Red Hat Bugzilla – Full Text Bug Listing
|Summary:||Make dlclose and exit concurrent calls work correctly per POSIX.|
|Product:||[Fedora] Fedora||Reporter:||Robbie Harwood <rharwood>|
|Component:||glibc||Assignee:||Carlos O'Donell <codonell>|
|Status:||CLOSED RAWHIDE||QA Contact:||Fedora Extras Quality Assurance <extras-qa>|
|Version:||rawhide||CC:||apfaffeneder, arjun.is, baptiste.millemathias, bojan, codonell, Colin.Simpson, erinn.looneytriggs, fherrera, fweimer, gedwards, gregory.lee.bartholomew, ioan, jakub, law, lorenzo.dalrio, mats, mfabian, mike, more.andres, nicolas.rolans, pfrankli, rharwood, ricardo.cordeiro, ryan.r.ware, samuel-rhbugs, shawn.starr, sid, steved, swehack, viorel.tabara, wpoely86, zing|
|Fixed In Version:||Doc Type:||Bug Fix|
|Doc Text:||Story Points:||---|
|Last Closed:||2017-11-17 18:59:16 EST||Type:||Bug|
|oVirt Team:||---||RHEL 7.3 requirements from Atomic Host:|
|Bug Depends On:|
|Bug Blocks:||1189856, 1274922|
Description Robbie Harwood 2015-09-18 15:31:28 EDT
Hello, krb5 (libgssapi) dlopen()s a file which dlopen()s krb5. This has in the past caused problems and so in  we started dlopen()ing with RTLD_NODELETE. However, in rawhide the problem is back. Here's a trace: (gdb) bt #0 _dl_close (_map=0xafa160) at dl-close.c:811 #1 0x00007f7b0ca85164 in _dl_catch_error (objname=0xafa0c0, errstring=0xafa0c8, mallocedp=0xafa0b8, operate=0x7f7b0ba07090 <dlclose_doit>, args=0xafa160) at dl-error.c:187 #2 0x00007f7b0ba07631 in _dlerror_run (operate=operate@entry=0x7f7b0ba07090 <dlclose_doit>, args=0xafa160) at dlerror.c:163 #3 0x00007f7b0ba070bf in __dlclose (handle=<optimized out>) at dlclose.c:46 #4 0x00007f7b0b0e17c5 in krb5int_close_plugin (h=0xb020e0) at plugins.c:416 #5 0x00007f7b0c4275aa in ?? () #6 0x000000000cc8c040 in ?? () #7 0x335b2b426230eb00 in ?? () #8 0x0000000000afa0b0 in ?? () #9 0x0000000000000000 in ?? () (gdb) p map->l_init_called $6 = 0 (gdb) To reiterate, this is during the exit phase of the program, after main has returned, and the program otherwise ran correctly. : http://krbdev.mit.edu/rt/Ticket/Display.html?id=7135 : http://krbdev.mit.edu/rt/Ticket/Display.html?id=7947
Comment 1 Carlos O'Donell 2015-09-18 22:40:10 EDT
This looks like dlclose racing against exit. It is undefined behaviour to call anything after exit has been started (for many reasons including the fact that destructors are starting to run for all not-yet closed objects). Only exit will call _dl_fini which will set map->l_init_called to zero, to indicate that the shtudown processing has handled that particular finalization for the object. Therefore this looks like a user bug. You're going to have to track down if there is a thread running that's still active and calling dlclose, while the rest of the program has already called exit to shutdown. For the sake of robustness you should ensure all threads are stopped and joined before you call exit. Given my description, is it possible you have a dlclose and an exit happening near eachother in the way I've described?

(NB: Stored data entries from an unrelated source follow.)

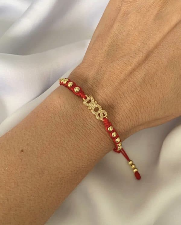 Pulsera ajustable hecha en rodio, tejida en hilo macrame rojo.
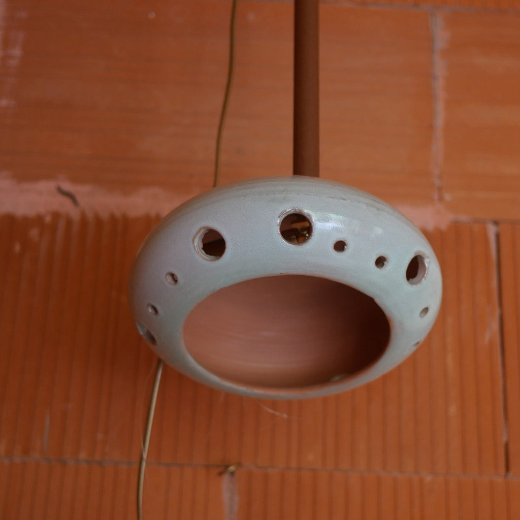 - Matière : Abat jour terre cuite émaillé et tige en fer recouverte d'une peinture époxy : Bleu givré sur céramique caramel, Brun sur céramique bleu ciel, écru sur céramique kaki
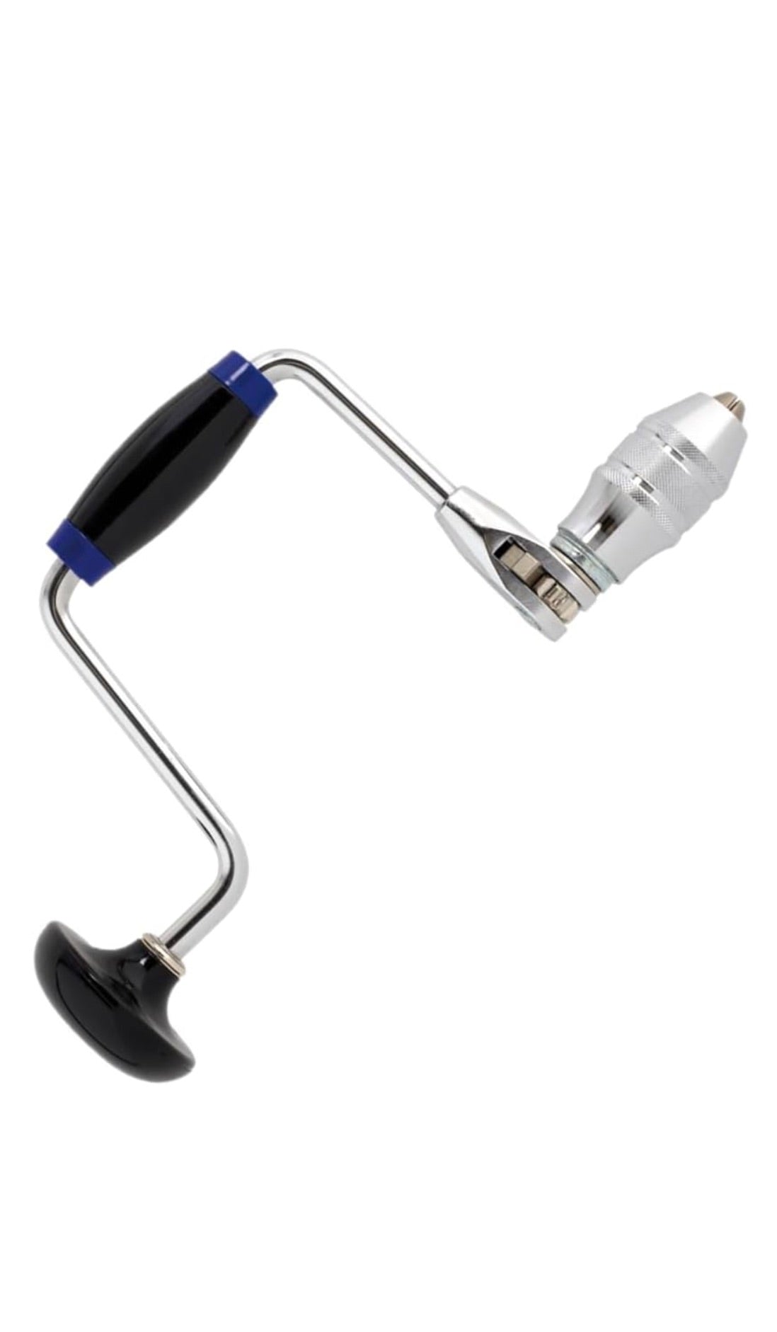 A traditional carpenters brace ideal for use with auger, flat and standard drill bits.

Comment 2 Carlos O'Donell 2015-09-18 22:54:30 EDT
Sorry, I mentioned "undefined behaviour" and that's not quite true. In the broadest sense you get data races which make your program undefined per the C standard, but that need not be the case. You could in theory have a thread that survives the exit process and is terminated only by the final kill signal. An atexit registered function might even load a value from that thread using an atomic read of some shared global state. Either way, I just wanted to correct the slight language issue. There is still the real issue that dlclose and exit without any happens-before relationships is going to cause problems. However, because I know nothing about krb5 and libgssapi I have no idea about the threads you might have active. I'm relying on your help there.
Comment 3 Carlos O'Donell 2015-09-22 07:43:02 EDT
Upstream discussion here: https://www.sourceware.org/ml/libc-alpha/2015-09/msg00536.html I had my suspicious about glibc's behaviour here, and upstream agrees with me, that while this is dangerous to do in glibc, it is standards mandated behaviour via POSIX that dlclose and exit shall both be thread safe. Therefore any data races are flaws in glibc Here is a build with fixes for this issue: http://koji.fedoraproject.org/koji/taskinfo?taskID=11172534
Comment 4 Carlos O'Donell 2015-10-30 10:40:24 EDT
The next step here is to get access again to a machine that reproduce the issue and work out the concurrency fixes required to fix exit and dlclose racing.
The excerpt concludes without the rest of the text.